Nevertheless, despite all the goodies showered on them, banks are still burdened with toxic assets on their balance sheets. Those assets are tied to the real estate market which remains severely depressed, and it now seems even more likely that their prices will fall even further. There is a good chance that the toxic assets will sooner or later be revealed to be worth close to what markets were offering for them in the darkest days of 2008. Instead of getting rid of the albatross, banks have held onto them in the hopes of a real-estate recovery that never came.
Why not? Because the real estate bubble was predicated on expectations of an economic boom with high employment that were not realized. That was not the only unfounded expectation responsible for the bubble, but it certainly was an important part of the story. Given that the assumptions on which borrowers and lenders entered into mortgage agreements, it would be reasonable for them to revise the original contracts to allow home owners capable of making reduced payments, perhaps over an extended period of time, to remain in their homes as an alternative to foreclosure.
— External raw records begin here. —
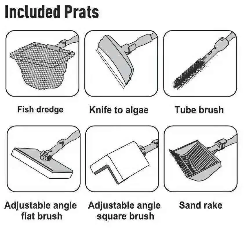 Versatile Cleaning Attachments: Brushes designed for different tasks, including algae scraping, glass cleaning, substrate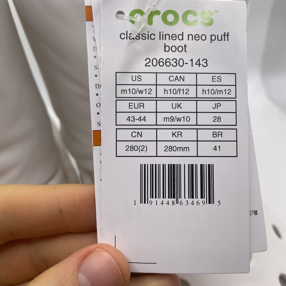 Type:Casualgtin13:0191448634695Model:Crocs NeoDepartment:Unisex AdultsFeatures:LinedSeason:Fall, WinterBrand:CrocsUPC:0191448634695Upper Material:SyntheticOccasion:Activewear, CasualColor:WhiteUS Shoe Size:Mens 10, Womens 12Seller Notes:“Size Men 10 Women 12. Box has damage, see pics for details”Style:Clog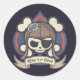 Crânio e bósforos de criança com capacete de couro, manchas e gogles, em uma pá de cartas de jogar, com faixa lendo "Rei da Estrada" em letras góticas. Camisas, suores, cartas, presentes.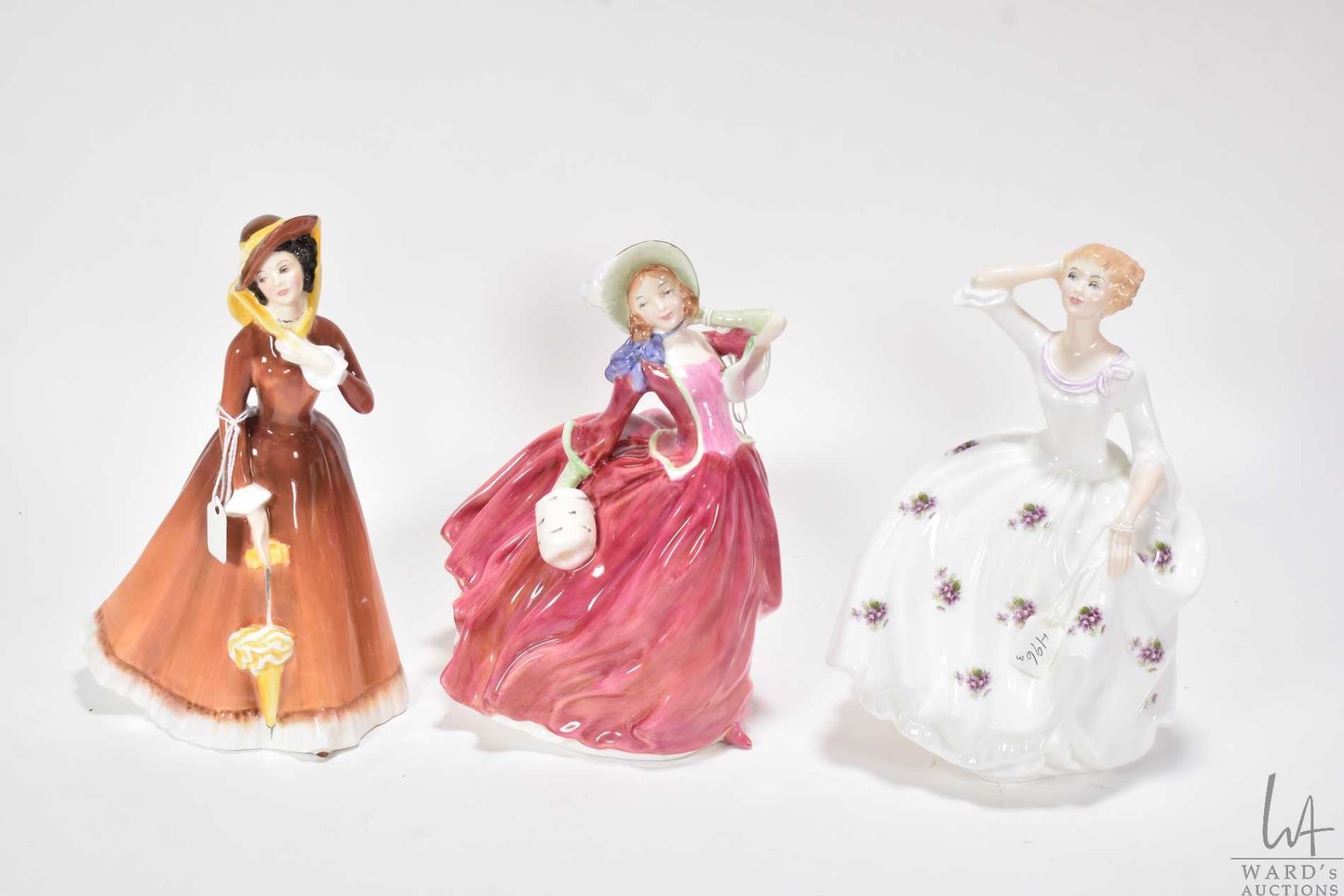 Three Royal Doulton figurines including Maureen HN2481, Autumn Breezes HN1934 and Julia HN2705
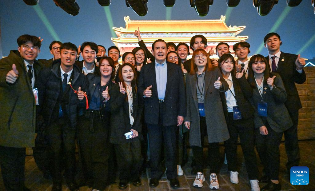 Members of a delegation of young people from Taiwan led by Ma Ying-jeou, former chairman of the Chinese Kuomintang party, visit the Yongning Gate of the ancient city wall in Xi'an, northwest China's Shaanxi Province, April 5, 2024. A delegation of young people from Taiwan led by Ma visited the ancient city wall scenic spot in Xi'an on Friday. (Xinhua/Chen Yehua)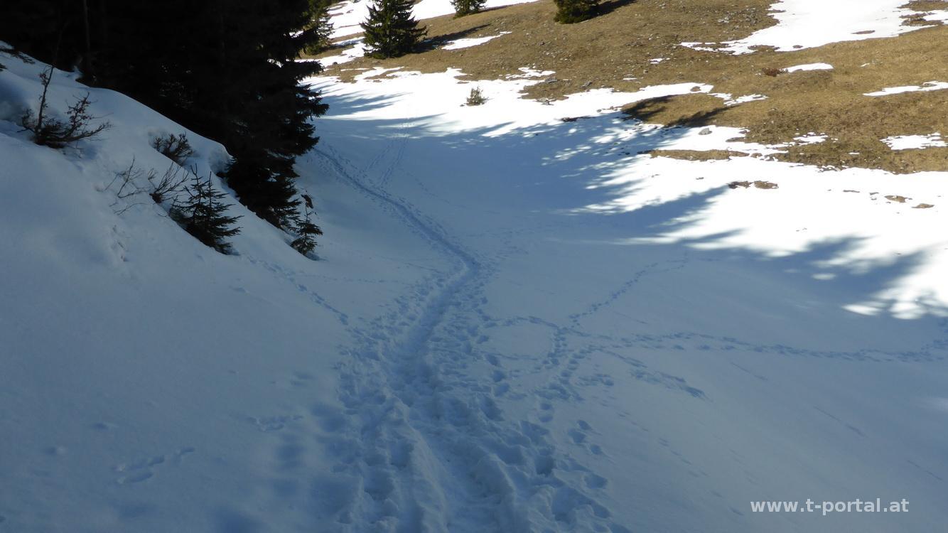 Weiter geht es auf der Forststraße über ein paar Schneereste, bis man auf den Normalweg triff (dieser führt rechts durch ein Tor ins Tal). Nun mit Schneeberg, Gippel und Göller im Rücken weiter am Lackenkogl vorbei Richtung Tirolerkogel. Es geht nochmal kurz hinunter in den Schatten in dem sich noch etwas mehr Schnee hällt, bevor der letzte Anstieg auf die Gipfelwiese erfolgt.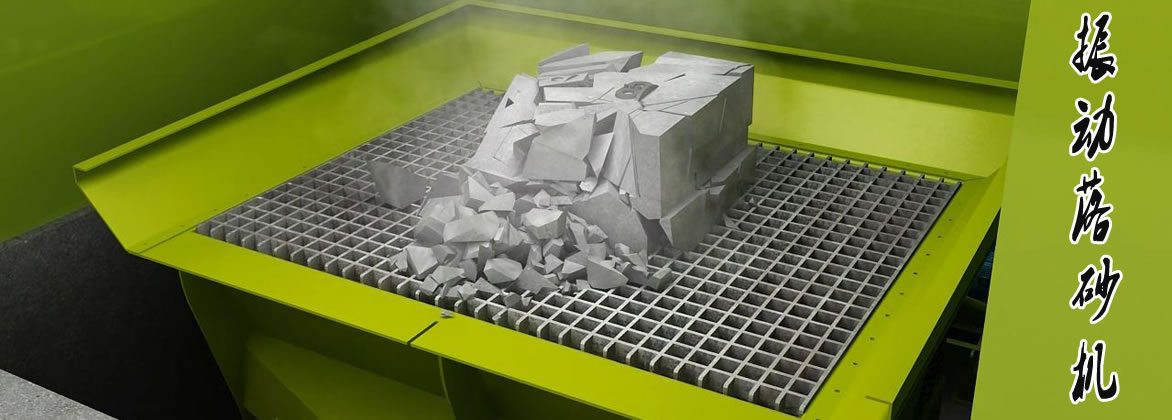 振动落砂机利用了振动激振的惯性力和弹性力的合成,安装的振动电机反向同步运行,水平分力保持相互平衡,垂直方向上的合力使得落砂机隔振体,以一定的加速度或工作质量相同的频率作正弦振动,带物料的模具被放在落砂栅床上,形成有效的振动冲击对铸件落砂破碎的,并且会与栅床之间留有一定的间隙,然后通过振动电机偏心块的旋转,带动栅床上下左右振动,同时就会不停的撞击模具底面,使模具上的物料充分与模具分离,以完成物料落砂过程。当空载时,设备的振动噪音低80dB,而负载时,振动幅度就会相对稳定,冲击噪音低,所以说是一种环保型的振动落砂机。
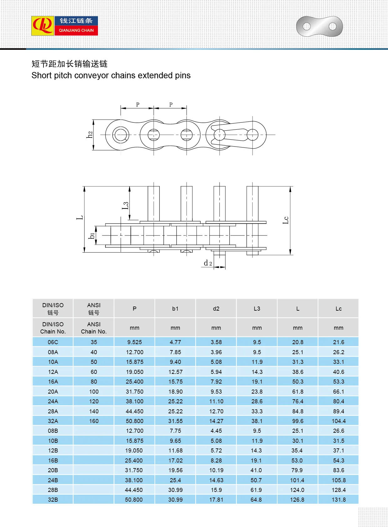 Lanțurile transportoare cu pas scurt cu știfturi extinse sunt special concepute pentru a oferi performanțe precise și fiabile în medii solicitante de manipulare a materialelor. Știfturile extinse ies dincolo de lățimea standard a lanțului, permițând atașarea ușoară a dispozitivelor de fixare, lamele sau consolele personalizate, făcându-le extrem de versatile pentru sisteme de automatizare, sortare și linie de asamblare.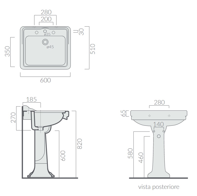 Galassia ETHOS Umywalka ścienna 3-otworowa 60x51cm Biały 8416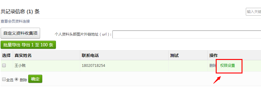 2、选择用户,编辑“权限设置”
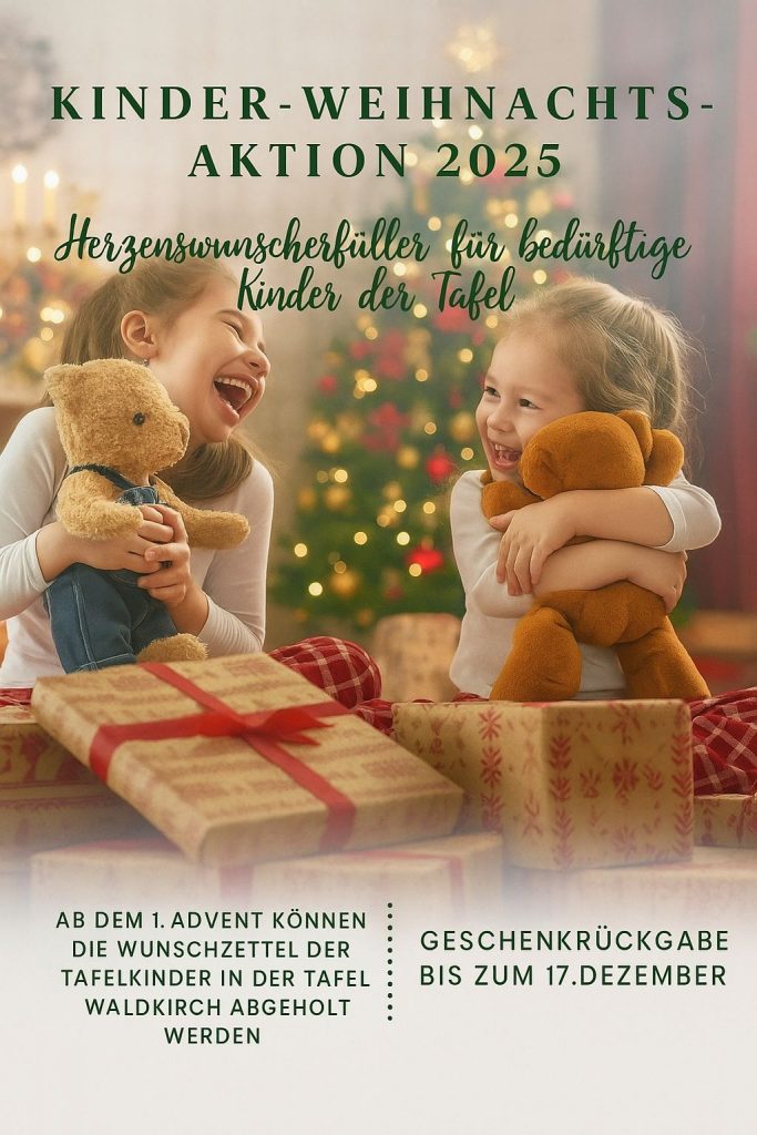 Die Geschenke bitte dann wieder bis spätestens 17.12.2025 an die Tafel zurück bringen. Die ehrenamtlichen Helfer der Tafel werden diese am Montag, den 22.12.2025 von 10:00 bis 12:00 Uhr an die Kinder verteilen.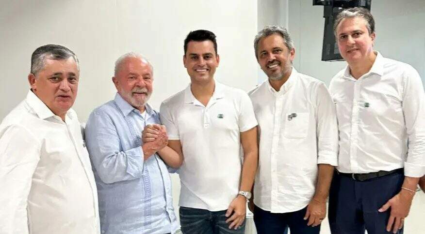 Deputado Yuri Paredão (PL-CE) aparece apertando a mão de Luiz Inácio Lula da Silva ao lado de outros petistas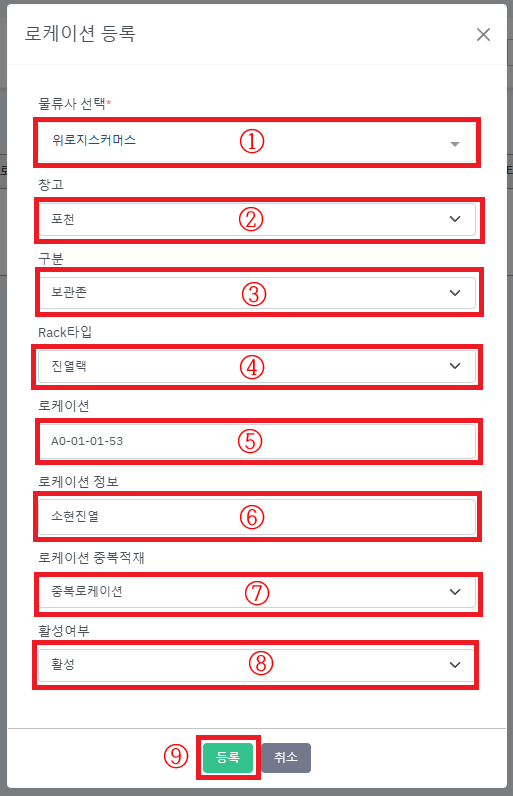 ![]() | ① 물류사를 선택합니다. ② 창고를 선택합니다. ③ 구분을 선택합니다. 💡 로케이션 구분이 모호 할 경우 [보관존]을 선택해 주세요. ④ Rack 타입을 선택 합니다. 💡 타입구분이 모호 할 경우 [진열랙]을 선택해 주세요. ⑤ 로케이션 이름을 입력 합니다. 💡 로케이션 이름은 ‘영문소문자’ , ‘영문대문자’ ,‘숫자’ , ‘-’ 을 사용할 수 있습니다. 예) D0-05-03-13, PLT-001, a0-01 ⑥ 로케이션 설명을 간단하게 입력 합니다. 공란으로 두셔도 됩니다. ⑦ 중복적재여부를 선택 합니다. 💡 [중복로케이션]을 선택하면 한 로케이션에 여러가지 상품을 연결 할수 있습니다. [단일로케이션]을 선택하면 한 로케이션에 한 상품만 연결 할수 있습니다. 선택이 어려우시면 [중복로케이션]을 선택 해 주세요. ⑧ 활성화 여부의 [활성]을 선택합니다. ⑨ [등록] 버튼을 누릅니다. |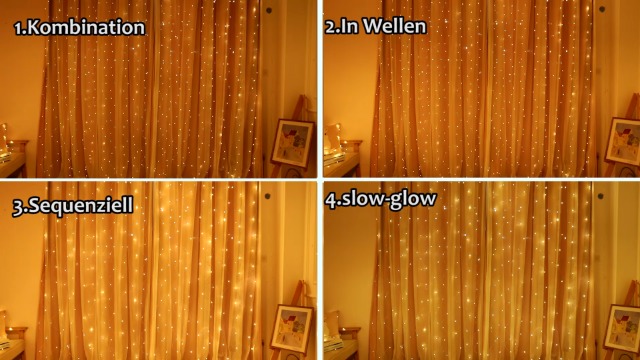 [8 Beleuchtungsmodi & Timer-Funktion]: Sie können die Fernbedienung einfach verwenden, um die Lichter ein- und auszuschalten, die Helligkeit einzustellen und den Timer automatisch ein- und auszuschalten, mit 8 wunderschönen Beleuchtungsmodi-Funktionen, um zwischen Kombination zu wechseln, Glühwürmchen blinken, winken, verblassen, jagen / blinken, langsam verblassen, blinken, blinken, Dauerlicht. Schafft eine romantische, weiche, gemütliche Atmosphäre in jeder Situation.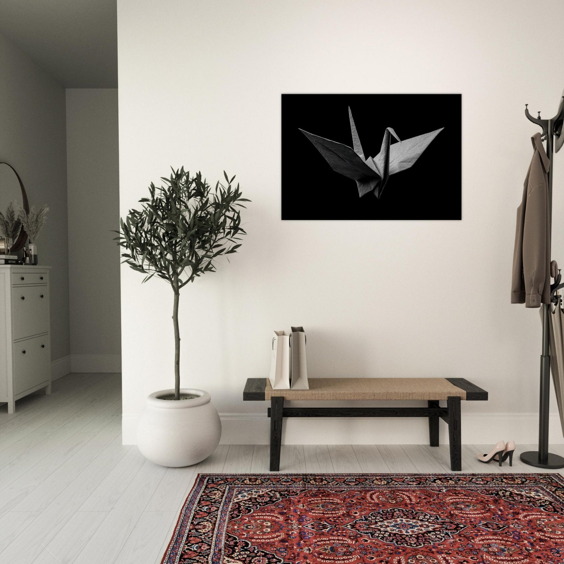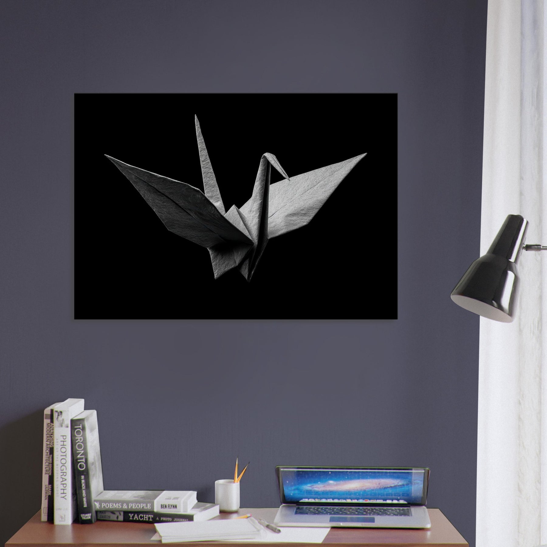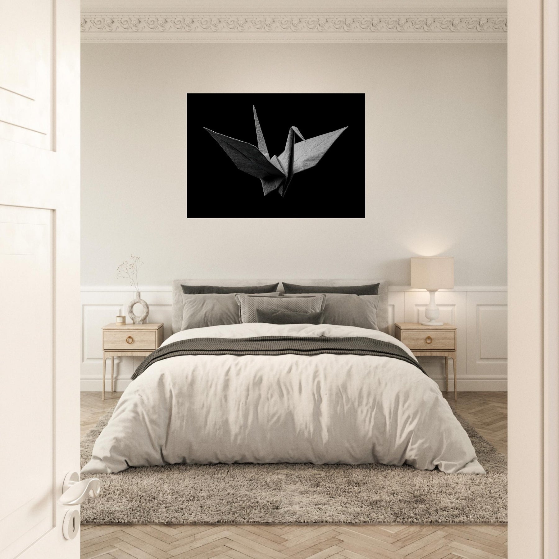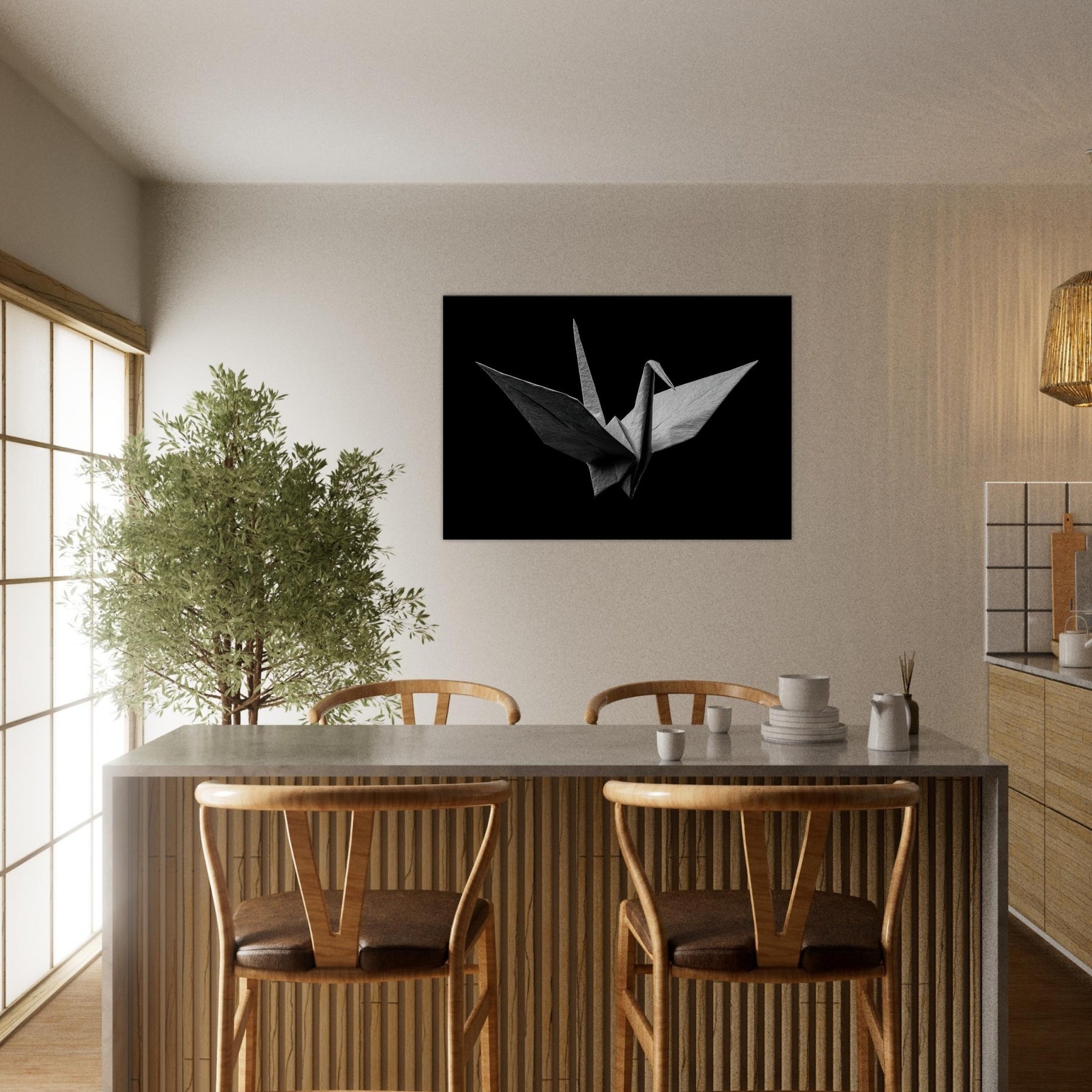 Quietly poised in a velvet shadow, this Origami Crane unfolds as a study in restraint and elegance. The black and white folds capture light with a subtle, tactile sheen, turning a room into a sanctuary of calm. Each crease invites slow, mindful observation, while negative space lends breath to the composition. Perfect for modern living spaces, it anchors a serene palette, elevating walls with quiet drama and a sense of poised possibility.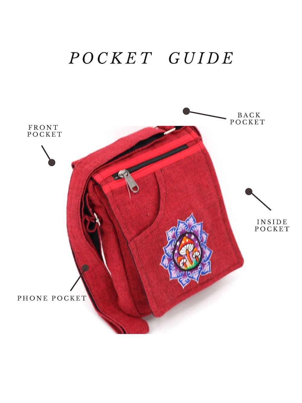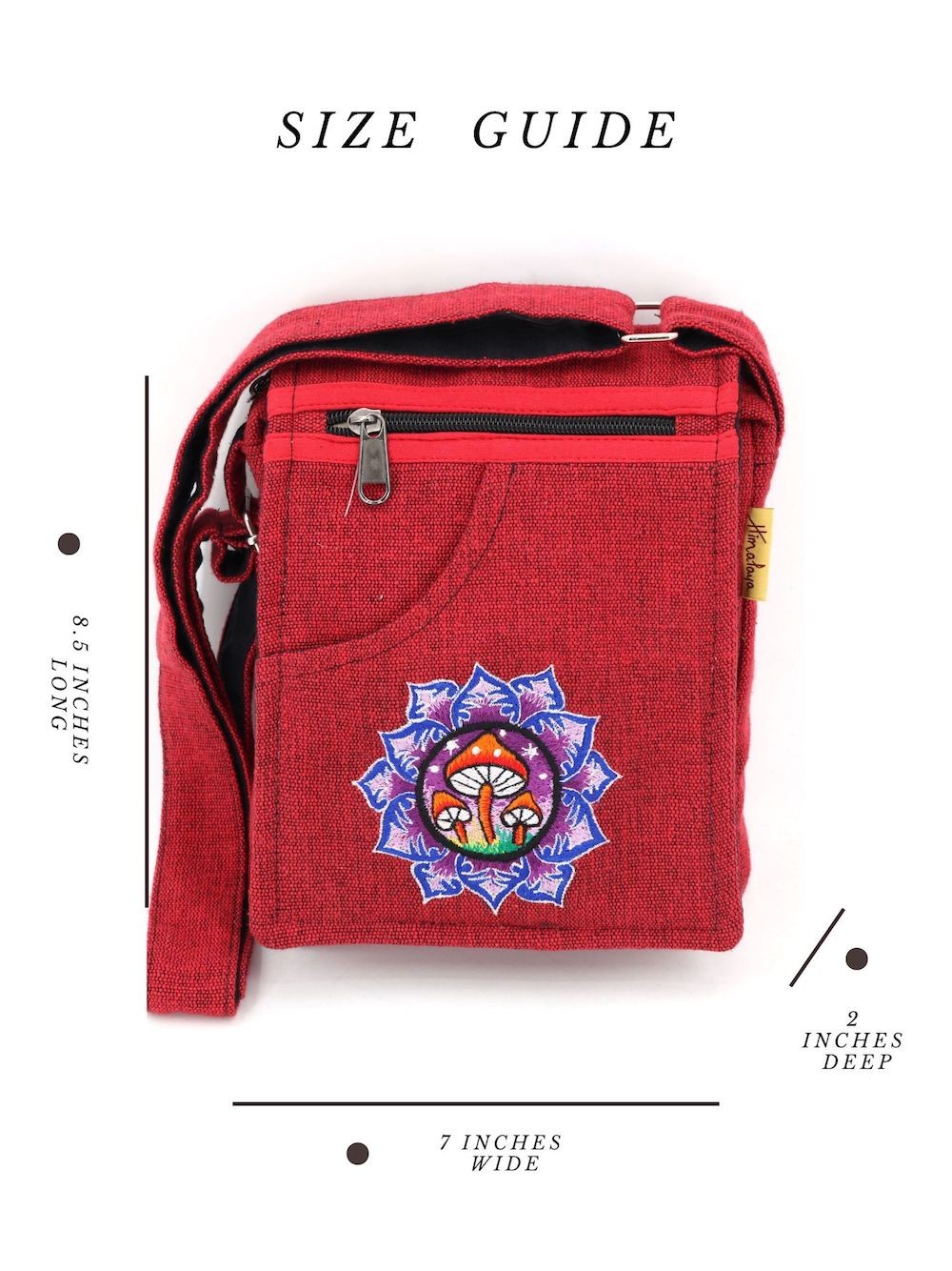 The beautiful Hand-Woven Cotton Travel bag is hand made in Nepal with pure 100% organic Himalaya Cotton. This modern Mushroom Embroidery Cotton passport bag is supremely versatile and fashionable. This bag features are it has two compartments with zippers and it has adjustable strap with outside two pockets in the front and in the main pocket above with a zipper. It is a fair trade made product.

Mortgage renegotiation has been encouraged, but generally hasn’t worked, because too many separate parties would have to sign off on a renegotiation agreement.
Since renegotiation has not turned out to be practical, the only other method of accomplishing the goal of reducing the unsustainable burden of mortgage debt would be for an outside party to impose a reduction in the value of the debt and monthly payments obviating any agreement by the parties. One way to do that would be by legislation. That option has gone nowhere, and is no longer even discussed. An even simpler and more direct option is inflation. Increasing prices would increase cash flows and would reduce the burden of outstanding mortgage debt. Banks would be unhappy, but better off, because fewer foreclosures would mean fewer losses and less expense. Even if, as I suspect, prices initially rise faster than wages, mortgage payments are fixed, so homeowners would almost certainly come out ahead despite lagging wages.
People often assume that inflation is good for debtors and bad for creditors, while deflation is bad for debtors and good for creditors. But that holds only if there are no feedback effects from inflation and deflation. But when deflation increases the burden of real debt and reduces the cash flows available to service that debt, it harms creditors by making too much of debt they hold uncollectable. Similarly, inflation can make creditors better off by reducing the debt burden and increasing the cash flows available for debt service. At this moment, we may well be at a point where creditors, especially banks, have more to gain more from inflation than they would lose. Similarly, the European Union in general, and even Germany in particular, would likely gain far more from an inflation allowing Greece, Portugal, Ireland, Spain and Italy to pay off their bonds in somewhat depreciated euros than from insisting on ruinous austerity measures that can only lead to the self-destruction of the common currency and perhaps the European Union itself. Perhaps that is a topic for a future post.